Wiadomość o rzekomej korupcji wśród polskich władz wyborczych odbiła się szerokim echem również za granicą. Agencje informacyjne z Brukseli, Waszyngtonu i Berlina monitorują sytuację, a niektóre źródła dyplomatyczne przekazały, że mogą zostać wdrożone obserwacje międzynarodowe w przypadku powtórzenia wyborów.

Przedstawiciele Komisji Europejskiej, choć oficjalnie powstrzymali się od komentarza, nieoficjalnie przyznają, że „jeśli zarzuty okażą się prawdziwe, Polska może zostać objęta szczególną procedurą nadzoru nad stanem praworządności”

Sąd Najwyższy zapowiedział, że decyzja dotycząca dalszych kroków — w tym ewentualnego powołania komisji śledczej lub wyznaczenia nowej daty wyborów — zostanie ogłoszona najpóźniej do 5 sierpnia 2025 roku.

W międzyczasie rośnie presja społeczna i medialna, by opinia publiczna mogła zobaczyć pełne nagranie oraz uzyskać jasność co do ewentualnych działań prokuratury.
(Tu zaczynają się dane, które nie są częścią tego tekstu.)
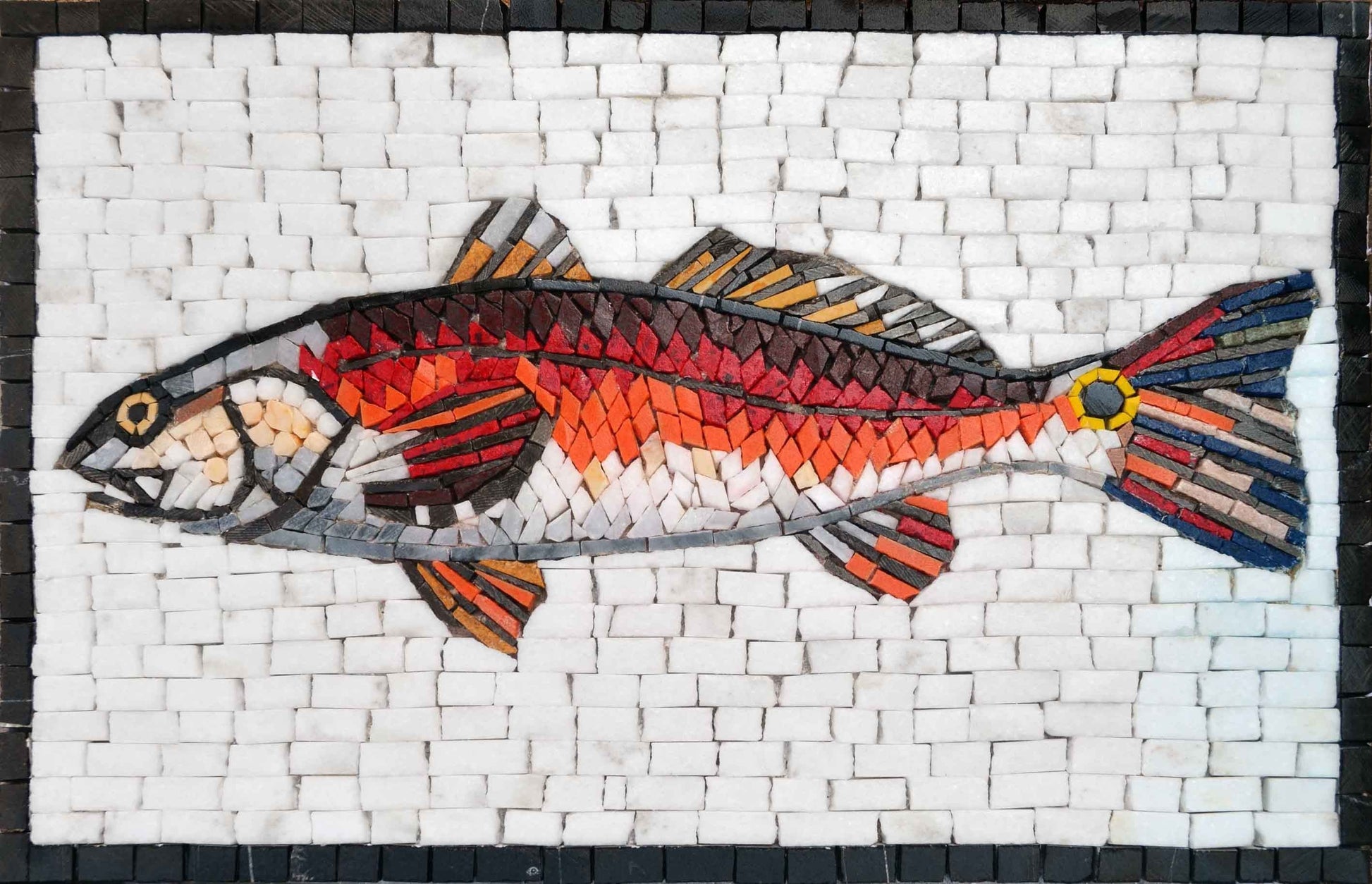 Embrace the allure of the sea and elevate your decor with the "Mosaic Art - Rosso Jumping Mullet." Each artwork is a testament to skilled craftsmanship and a celebration of nature's beauty, allowing you to bring a piece of the ocean's charm into your home. Make it a centerpiece of your decor and enjoy the captivating artistry that only a handcrafted mosaic can provide.

Sprawa Sylwestra Marciniaka i rzekomej łapówki w postaci złota za fałszowanie wyborów na korzyść Karola Nawrockiego to temat, który wstrząsnął fundamentami polskiego systemu demokratycznego. Choć żadna z przedstawionych informacji nie została jeszcze prawnie potwierdzona, a wszystkie oskarżenia pozostają na etapie śledztwa, sytuacja ta pokazuje, jak kruchy może być proces wyborczy bez pełnej przejrzystości i zaufania społecznego.